It's logical that the function fails when the default value is set, but succeeds when a value is passed to it.
When defining the function, the type T is unknown, making
T & ((...args: any[]) => any)
also mysterious.
Intersection types:
An intersection type, Person & Serializable & Loggable, for example,
is a Person and Serializable and Loggable.
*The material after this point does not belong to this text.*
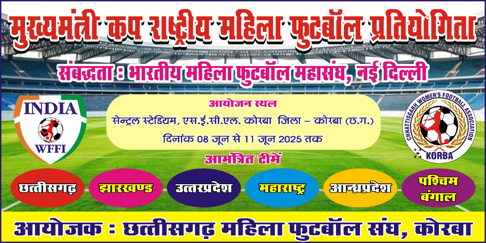 त्रिनेत्र टाइम्स कोरबा ****/ कोरबा, छत्तीसगढ़। छत्तीसगढ़ महिला फुटबॉल संघ, कोरबा के तत्वावधान में आगामी 8 जून से 11 जून 2025 तक मुख्यमंत्री कप राष्ट्रीय महिला फुटबॉल प्रतियोगिता 2025 का आयोजन किया जा रहा है। यह प्रतिष्ठित आयोजन कोरबा जिले के सेन्ट्रल स्टेडियम (एस.ई.सी.एल.) में संपन्न होगा और इसकी संबद्धता भारतीय महिला फुटबॉल महासंघ (WFFI), नई दिल्ली से है।

That means an object of
this type will have all members of all three types.
But in your scenario, what does T represent?
By passing a value when calling the function, the compiler can deduce what T is, avoiding failures and inferring that T is () => { type: string; }.
The same outcome occurs with:
function fn<T>(a: T & string = "str") { // fails
return null;
}
fn2("str"); // doesn't fail
However, using union types prevents failure:
function fn<T>(a: T | string = "str") {
return null;
}
Since "str" is a string, the specific type of T becomes irrelevant.
Edit
If I understand correctly, intersection types may not be suitable for your needs.
A potentially better solution could be:
type MyCallback = (...args: any[]) => any;
let defaultFn: MyCallback = () => { return { type: 'abc' }; };
function doSomething<T extends MyCallback>(fn: T = defaultFn as T) {
...
}
You could replace the type with an interface:
interface MyCallback {
(...args: any[]): any;
}
(code in playground)